Q: How do you get down off of the back of an elephant?
A: You don't: you get down off of the back of a duck; it's so much safer.
 
D

David T. Ashley

Nuño I.G said:
Hello to everybody:

I'm trying to get some information about "process management".
Let's explain a little... I want to write some code that allows me to
execute some "aplications" and collect the data they produced.
This apllicationis a kind of "client" that must work in more that one
SO (for example *NIX, Windows98, Win2000).
So my question is about what kind of "managemet" of this proccess I can
do, and how to start and "monitor" these process over the diferent
platforms.
Iniciatly I want to write the code in C, but for now I'm only trying to
collect some information.

There are at least two scripting languages (Tcl / Tk and PHP) that have
versions that run both on Unix-like systems and on Windows. Both of those
scripting languages have functions like exec() that spawn a process, provide
it input, and catch its output.

Locating the source code -- which will be compileable for both platforms --
might save you a lot of work in investigating best approaches and IPC
mechanisms specific to the operating system.
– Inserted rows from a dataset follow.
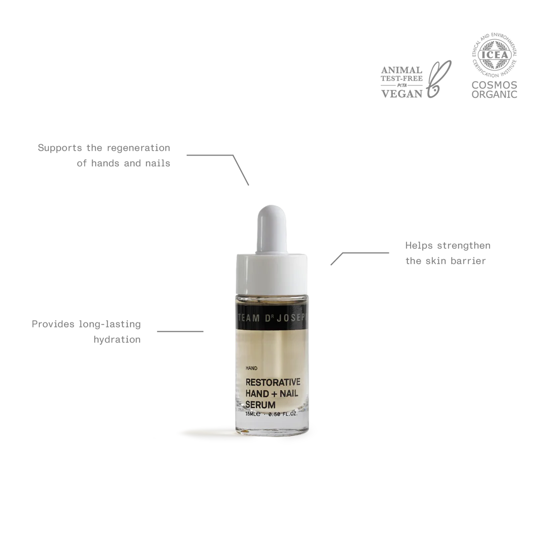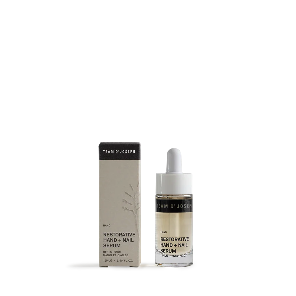 Team Dr Joseph – Restorative Hand + Nail Serum er et let, men intensivt fugtgivende hånd- og negleserum, der er udviklet til tørre, belastede hænder og skøre negle. Med hyaluronsyre, mandelproteiner, figenkaktus, kamille og aloe vera hjælper serummet med at regenerere, berolige og styrke både hud og negle – uden at efterlade en fedtet overflade.
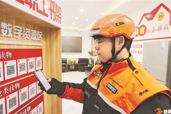 4月21日,一名骑手小哥在安徽省淮北市相山区职工服务中心工会驿站书吧内扫码阅读。
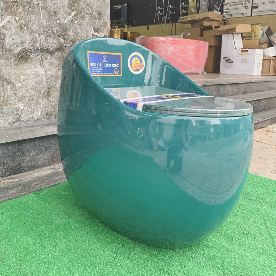 - Bồn cầu 1 khối màu xanh ngọc lục bảo sang trọng.
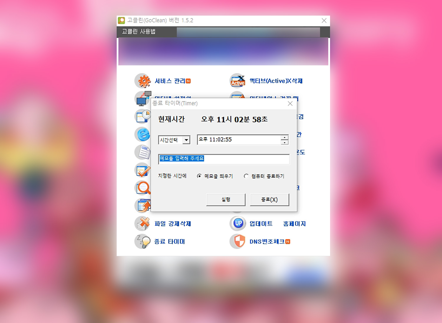 프로그램 중 하나는 '고클린'으로 다른 기능도 함께 가지고 있어 잘 사용하고 있는 것 중 하나입니다. 좌측 하단의 종료 타이머를 클릭하시면 컴퓨터를 자동으로 종료하는 시간 설정을 할 수 있습니다.
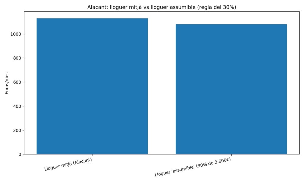 El sindicat ha advertit que accedir a un habitatge de lloguer a Alacant, Benidorm (la Marina Baixa) o Dénia (la Marina Alta) “implica destinar més de la meitat del salari” i ha remarcat que, en el cas del jovent, l’esforç s’enfila “entre el 60% i el 90%”, una realitat que “converteix els treballadors i les treballadores en pobres amb ocupació”. Segons les dades exposades, per complir la recomanació de no superar el 30% del salari destinat al lloguer, caldrien 3.600 euros nets mensuals a Alacant, on el lloguer mitjà ja arriba als 1.130 euros al mes.
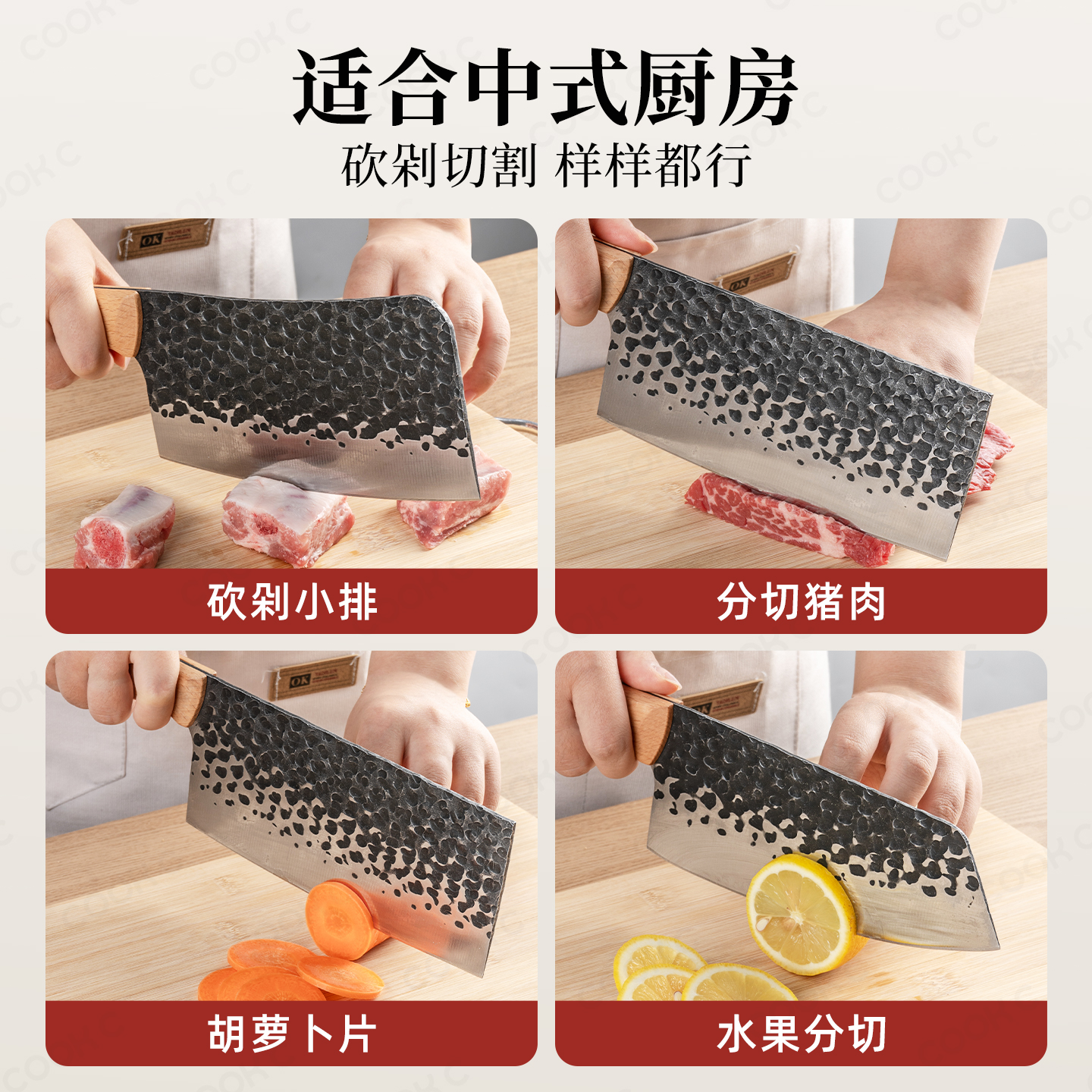 家用切菜切肉轻型塑料手柄锻打锋利菜刀
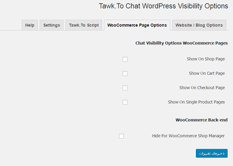 قابلیت مشاهده پنجره چت برای نمایش آن در وب سایت ، در داشبورد، برای صفحات WooCommerce و با کد کوتاه این قسمت رو کنترل کنید .
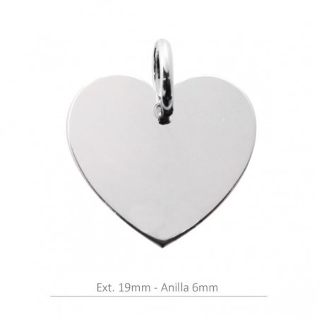 Colgante chapa en forma de corazón para grabar en plata de ley 925, fabricada en España. Viene con una anilla soldada también plata de ley 925. Es el tamaño grande de chapas para grabar que hay disponible.
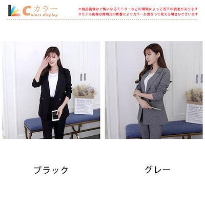 レディース スーツ 長袖 2点セット ジャケット 無地 パンツスーツ 大人 ウエストゴム 通勤 ビジネス フォーマル オフィス カジュアル 秋春
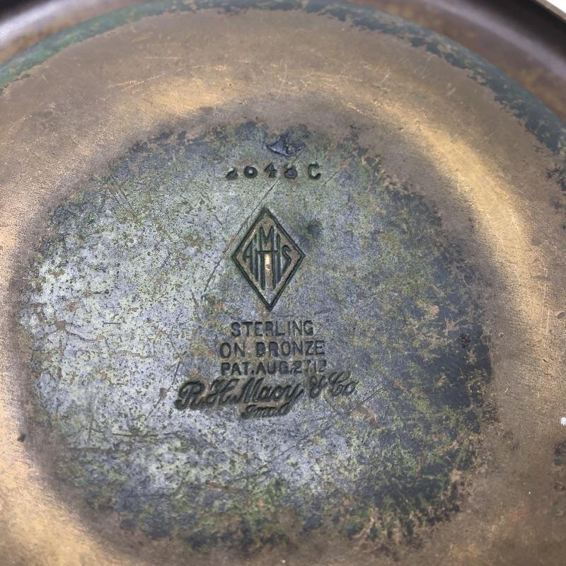 Heinz made for R.H. Macy Sterling on bronze cigar ashtray. Ashtray is stamped R.H. Macy & Co. sterling on bronze. Unique ashtray is great for display or for practical use. Ashtray measures 5.75”D x 1.5” tall

PHP is at www.php.net, and I'm sure you'd be able to locate Tcl/Tk in no
time.
 
S

santosh

David said:
There are at least two scripting languages (Tcl / Tk and PHP) that have
versions that run both on Unix-like systems and on Windows. Both of those
scripting languages have functions like exec() that spawn a process, provide
it input, and catch its output.

And a host of others like Python, Perl, Java etc. In fact most high
level languages provide methods for spawning processes and redirecting
the I/O.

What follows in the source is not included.